METHODS: A total of 77 AS patients with sacroiliitis and 45 healthy controls were enrolled. All patients were scanned by standard magnetic resonance imaging longitudinal relaxation time (T1)-weighted imaging (T1WI), fat-saturated T2-weighted imaging (FS-T2WI)] and DWI, and T2 mapping of the sacroiliac joints. According to whether subchondral bone marrow edema was present in the FS-T2WI sequence, the 77 patients were divided into an active group (41 cases) and an inactive group (36 cases). The T2 and apparent diffusion coefficient (ADC) values of the subchondral bone marrow were measured in the active group, the inactive group, and the healthy control group. The average T2 and ADC values were compared among the three groups.
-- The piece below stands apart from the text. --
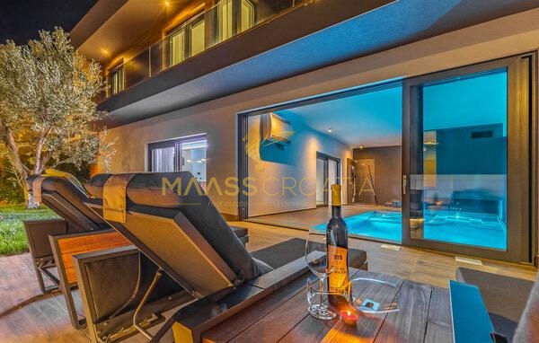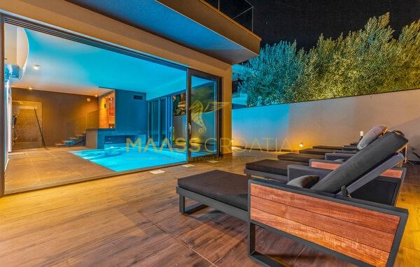 È composta da un ampio soggiorno con cucina e zona pranzo, una camera da letto, una sauna con doccia e una piscina interna/esterna al piano terra.

Receiver operating characteristic (ROC) curves were used to analyze the diagnostic efficacy of T2 and ADC values for sacroiliitis. The correlations of T2 and ADC values with the BASDAI score and the SPARCC score were analyzed.
RESULTS: The T2 and ADC values in the active group were higher than those in the inactive group, while that in the inactive group were significantly higher than those in the healthy control group (p < 0.0001). The T2 and ADC values of the AS patients were positively correlated with BASDAI scores, and the correlation coefficients (r) were 0.786 (p < 0.0001) and 0.842 (p < 0.0001), respectively. The areas under the ROC curves (AUCs) of T2 and ADC values between the active and inactive groups, the active group and the healthy control group, and the inactive group and the healthy control group were 0.889 (95% CI, 0.80-0.95) and 0.917 (95% CI, 0.83-0.97), 0.982 (95% CI, 0.93-1.00) and 0.984 (95% CI, 0.93-1.00), and 0.628 (95% CI, 0.51-0.73) and 0.871 (95% CI, 0.78-0.94), respectively. The T2 and ADC values of the AS patients in the active group were positively correlated with SPARCC scores, and the correlation coefficients (r) were 0.757 (p < 0.0001) and 0.764 (p < 0.0001), respectively.
CONCLUSION: T2 and ADC values can be used to quantitatively assess the activity of AS, and the efficacy of the ADC value in the diagnosis of AS was higher than that of the T2 value.

Entities:  

Keywords:  Ankylosing spondylitis; DWI; Sacroiliitis; T2 mapping

Mesh:

Year:  2020        PMID: 32382978     DOI: 10.1007/s00256-020-03442-8

Source DB:  PubMed          Journal:  Skeletal Radiol        ISSN: 0364-2348            Impact factor:   2.199


  2 in total

Review 1.  Ankylosing spondylitis--at the interface of bone and cartilage.

Authors:  W P Maksymowych
Journal:  J Rheumatol       Date:  2000-10       Impact factor: 4.666

2.  A new approach to defining disease status in ankylosing spondylitis: the Bath Ankylosing Spondylitis Disease Activity Index.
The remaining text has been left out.